If the copy of the buffer is fast enough you might not even need to mask interrupts, though it doesn’t hurt…

3 Likes

i’m using an array of buffers, this way i don’t need to copy, just update the index.

@tehn pull request:

didn’t make too many changes - i was confused about using MAX_EVENTS since process_ii doesn’t use the event queue. 8 buffers seems enough, i tested with a 10ms Metro. also just incrementing the index is the best/easiest way to find a free buffer anyway, so don’t need a separate flag.

2 Likes

I’ll throw it on my (crummy) scope after work today and try to capture the behavior with the TXo and TXi.

Remember that Teletype with the fried i2c that you fixed @tehn?
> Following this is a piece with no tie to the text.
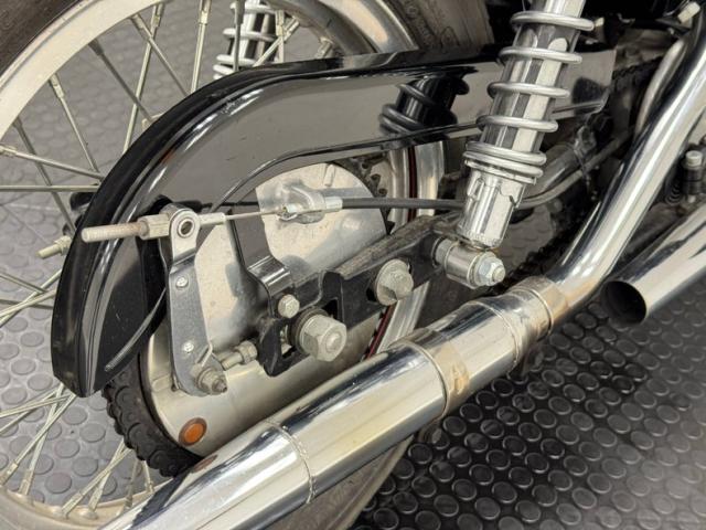 Fitted into the frame is a 1000cc V-twin putting out 55 horsepower and fueled via a 1-barrel carburetor. A 4-speed manual gearbox sends power to the 18-inch wheel in back via chain drive. Drum brakes are utilized front and rear while the dual exhaust exits on the right side with shorty pipes. Suspension consists of a telescopic fork in front and double coil overs in back.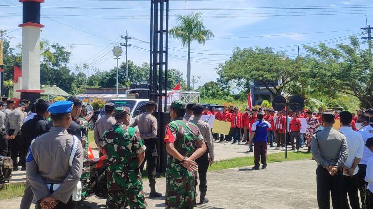ROKAN HULU, datariau.com - Personil gabungan TNI Polri dari Koramil 02 Rambah Kodim 0313/KPR dan Polres Rohul memantau kegiatan aksi damai yang digelar oleh Organisasi Dewan Pimpinan Cabang Pemuda Batak Bersatu (DPC-PBB) Rokan Hulu, Riau, Senin (17/10/2022).

That’s what happened last time I did this (for the same problem). To be fair, wine was involved. I will omit that ingredient this time. :wink:

2 Likes

if you get a chance do you want to give the buffer fix a try as well?

i was out yesterday. will try your pull-- i think that might actually finish the job (along with the re-prioritization)

@bpcmusic it’s less important now-- false alarm. but it’d be interesting to see if the stm32 is the same as the avr32

2 Likes

Regarding this, and @scanner_darkly’s earlier mention about the address seeming strange: On the JF I had to left-shift the address we created in TT by 1bit in order for them to match up in terms of i2c. Not sure whether it’s avr or stm who messed up the 7bit address thing. Apparently stm packs those 7bits into the 7MSBs vs avr’s 7LSBs.

1 Like

working wonderfully over here-- but of course could use some community stress testing. but i packed it up for general consumption:

thank you all so much for helping get to the bottom of this quickly.

5 Likes

Great, thanks a lot for the heavy work and commitment - It’s late in the evening but I will give it a first try now.

:relieved:

Ansible (Levels) freezes as soon as I patch a cable into input 1 (next preset) from Meadowpysics…repeatedly…

:cry:

It also freezes in Cycles when I patch a cable from input 2 to Meadowphysics. Now after freezing a few times the CV output of cycles is heavily stepped again while it has been continuous before (after doing the new update).